The Red Moth is the fourth in Sam Eastland’s imaginative and singular Inspector Pekkala series featuring the uncanny Pekkala who began as the Tsar’s “Emerald Eye” and is now Stalin’s chief investigator, holder of the “Shadow Pass” that allows him access to anyone and everywhere so long as he remains in Stalin’s favor. After years in the Gulag, he does his best to do his job for Stalin while remaining his own man.

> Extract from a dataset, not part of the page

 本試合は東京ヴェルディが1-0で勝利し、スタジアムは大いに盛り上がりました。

In this installment of the series, a plane is shot down with a mysterious cargo, a painting that doesn’t seem worthy of the lives it cost. Stalin tells Pekkala to figure it out and sure enough, he discovers a hidden meaning, one that suggests Hitler’s advancing army might be trying to rob the Soviet Union of one of its most valuable and irreplaceable treasures, the Amber Room that readers may remember from earlier books. Foiling their plans would require going behind the front line, passing among the Germans.

Meanwhile, back in Moscow his assistant Kirov is working to solve the murder of a man who was supposed to go with them, an old friend from Pekkala’s academy days.

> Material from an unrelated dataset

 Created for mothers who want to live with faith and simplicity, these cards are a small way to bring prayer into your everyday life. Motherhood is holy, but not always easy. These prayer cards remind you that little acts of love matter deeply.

I enjoyed The Red Moth as much as I hoped I would. I have read and thoroughly enjoyed the three books that precede it, “The Eye of the Tsar,” “Shadow Pass,” and “Archive 17.” Every book gives us a little more information from Pekkala’s past.

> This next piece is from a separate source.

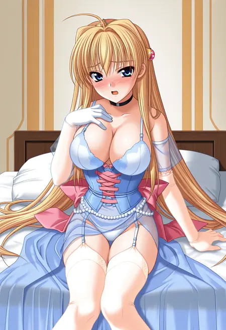 pkjjann, 2000s \(style\), blonde hair, very long hair, blue eyes, ahoge, hair ornament, large breasts,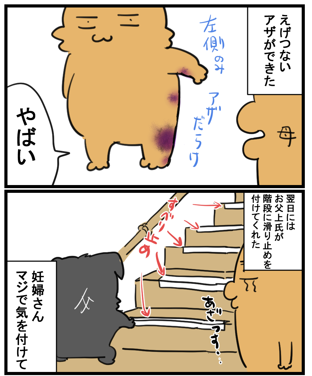 HOME > 家族ネタ > お父上氏 > お父上氏 妊娠ネタ 家族ネタ 母上氏 妊娠9か月目で階段から滑り落ちた 2021年4月28日 Post Share Pocket Hatena LINE URLコピー 気を付けていてもふらつく おこめの母も昔、予定日より1週間前に 階段から滑り落ちてその日に出産したらしい 読んでいただきありがとうございました! ブログランキングに参加しています。 よろしければ押してくれるとうれしいです! 絵日記ランキング Post Share Pocket Hatena LINE URLコピー おすすめ記事 -お父上氏, 妊娠ネタ, 家族ネタ, 母上氏 -事故, 妊娠9か月目, 妊娠後期, 妊婦, 転落

In this book, the mystery is less complex, but the jeopardy is more immediate. The Germans are advancing with alarming speed and the Soviet Army in retreat is absolute in its determination to leave them nothing. I liked that Kirov came a bit out of Pekkala’s shadow, working his own case, maybe finding romance. The ending of this book leaves us with a new mystery, one that makes me eager to read the next as soon as I can.

I like how Eastland creates this powerful sense of time and place. When it’s cold and wet and miserable, you can almost feel it in your bones. The menace of working for a tyrant like Stalin and living in a society where everyone may be ready to inform on you for something, where you never know how your secrets and your past can be used against you–the arbitrary and ever-present danger is almost suffocating and he makes it all real.

I received an Advance Reading Copy of The Red Moth from the publisher through a LibraryThing drawing.